The facts of the matter were that Premier Wholesalers took over the operations, including staff of Premier Milling in Mutare with effect from January 1 1991.

However, on January 2 1991, it terminated the employment of some of the workers. Premier Wholesalers was ordered to reinstate them, which it did. However, the employer unilaterally reduced their pay.

The Supreme Court ruled that Premier Wholesalers had acted unlawfully by terminating the employees and then later subjecting them to less favourable conditions without their consent.

The lesson from the Premier Wholesalers case is that if you intend to purchase a business but do not wish to take over the employees, confirm this in writing before signing the agreement of sale/purchase.

The responsibility of what to do with the employees then lies with the current owner. This means that an employer wishing to sell its business may have to retrench its employees if the purchaser does not wish to engage the seller’s employees.

A controversial case is where an employer decides to sell a portion of its business and then enters into a contract to outsource the product or service from the new owner.

What then happens to employees if their old employer decides to terminate the outsourcing arrangement?

This was the issue dealt with by the court in Aviation Union SA vs South African Airways and Others (2008).

South African Airways cancelled an outsourcing deal with a service provider which it had contracted a few years before and advertised for fresh tenders.

Aviation Union sought an order declaring that the termination of the outsourcing contract would constitute the transfer of undertaking back to South African Airways.

The court decided that it had no jurisdiction to restrain South African Airways from taking on a new service provider.

It was also held that the successful tenderer would not become the employer of the old subcontractor’s employees, even though they had all been transferred to it from South African Airways when it subcontracted the services concerned.

It remains to be seen whether Zimbabwean courts would hold the same view under similar circumstances.

There are situations where a group of companies decides to close one of its subsidiary companies due to viability problems.

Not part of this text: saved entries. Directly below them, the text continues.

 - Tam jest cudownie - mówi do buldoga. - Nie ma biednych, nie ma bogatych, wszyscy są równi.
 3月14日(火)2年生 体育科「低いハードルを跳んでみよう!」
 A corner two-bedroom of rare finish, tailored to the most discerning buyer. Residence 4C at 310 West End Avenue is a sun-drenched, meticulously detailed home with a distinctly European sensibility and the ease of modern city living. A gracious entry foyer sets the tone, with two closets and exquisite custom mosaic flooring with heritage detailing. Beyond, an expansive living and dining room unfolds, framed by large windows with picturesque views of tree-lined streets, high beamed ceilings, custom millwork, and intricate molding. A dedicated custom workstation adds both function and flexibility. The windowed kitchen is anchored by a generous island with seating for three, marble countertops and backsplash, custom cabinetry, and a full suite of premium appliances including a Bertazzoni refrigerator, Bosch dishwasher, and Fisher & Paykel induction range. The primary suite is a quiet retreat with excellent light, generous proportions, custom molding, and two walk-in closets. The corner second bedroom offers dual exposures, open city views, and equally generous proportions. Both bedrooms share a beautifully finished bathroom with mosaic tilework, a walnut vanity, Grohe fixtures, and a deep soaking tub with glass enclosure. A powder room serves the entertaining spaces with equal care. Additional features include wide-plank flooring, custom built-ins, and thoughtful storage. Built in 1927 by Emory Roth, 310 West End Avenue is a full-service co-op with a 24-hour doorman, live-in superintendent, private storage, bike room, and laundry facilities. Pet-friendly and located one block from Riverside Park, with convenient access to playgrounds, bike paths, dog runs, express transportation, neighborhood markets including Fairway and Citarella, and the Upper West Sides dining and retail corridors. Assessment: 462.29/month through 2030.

Employees of the closed company may then be transferred to other sister companies within the group.

Courts have held that the closure of one company in a group and the transfer of its business to another does not amount to the transfer of business in the manner envisaged in section 16 of the Labour Act.

In mergers and acquisitions, the provisions of Section 16 do apply. As in Forecourt Express (Pty) Limited vs SA Transport and Allied Workers’ Union and Another, the courts are prepared to accept that new employers are entitled to restructure their business to the extent necessary to accommodate the acquisition of another company, even if it entails the retrenchment of employees of the old employer.

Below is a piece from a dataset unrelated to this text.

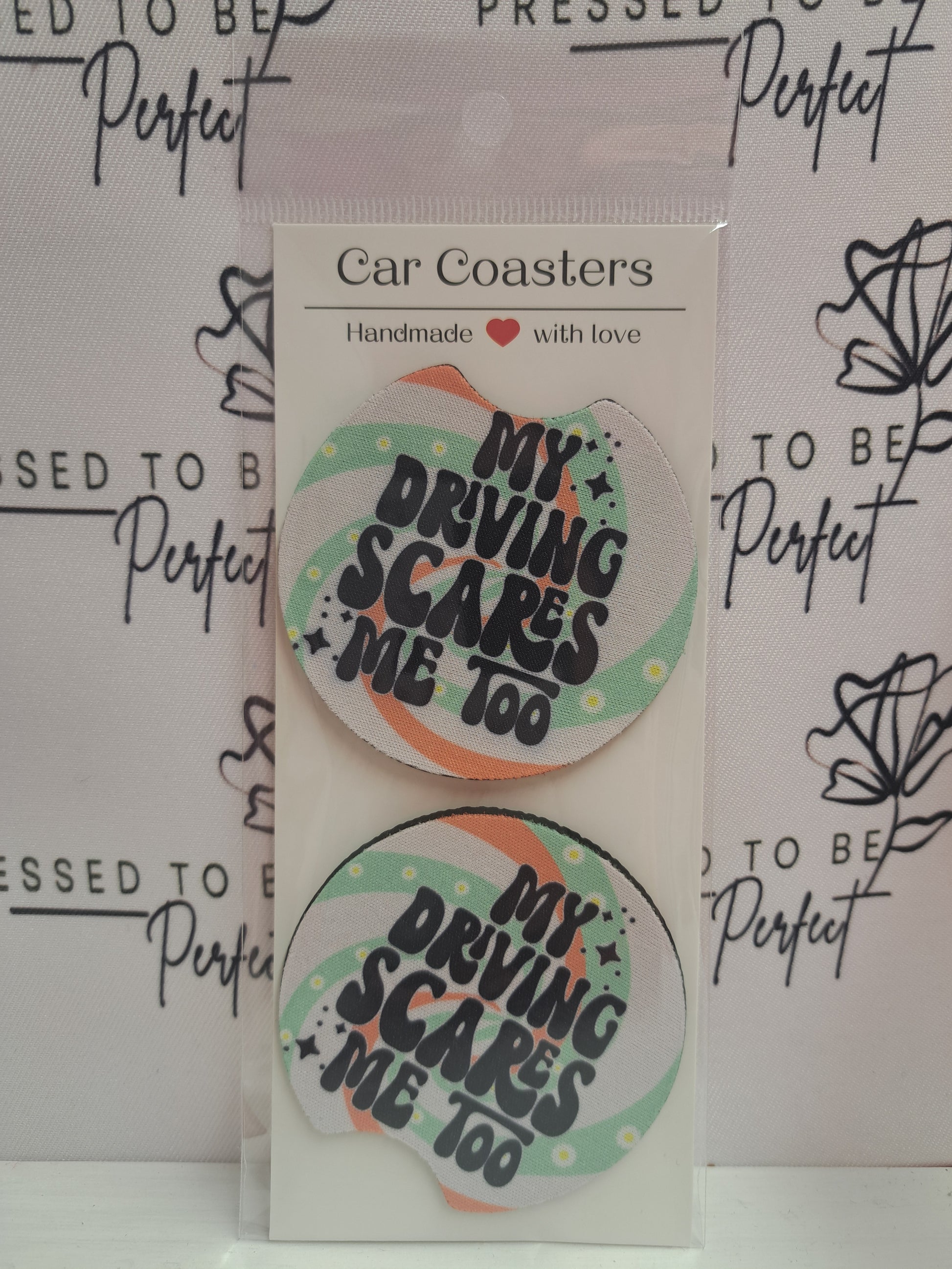Easily keep your car cup holder clean and dry with My Driving Scares Me Too! car coasters. Made with durable materials, these coasters absorb moisture and protect your cup holder from spills. Perfect for any car enthusiast, they also make a great gift for family and friends.

However, everything must be done in a manner that doesn’t prejudice the rights and benefits of the affected employees.

In Telkom SA vs Blom and Others (2003), the Supreme Court of Appeal held that pension fund holdings and benefits of employees transferred do not remain in the pension fund of the old employer.

The court decided that the automatic transfer of employment contracts “does not prevent an employee from being transferred to a pension, provident, retirement or similar fund other than the fund to which the employee belonged prior to the transfer . . .”

While the Labour Act is not explicit on how pension funds are handled on transfer of business, I guess, in terms of pension laws, the Director of Pensions would need to be satisfied that any scheme to amalgamate or transfer funds is reasonable and equitable and accords with the full recognition of the rights and reasonable benefit expectations of the persons concerned.

Under the law relating to insolvency, the benefits and rights conferred upon employees will be handled differently. Professional legal advice has to be sought.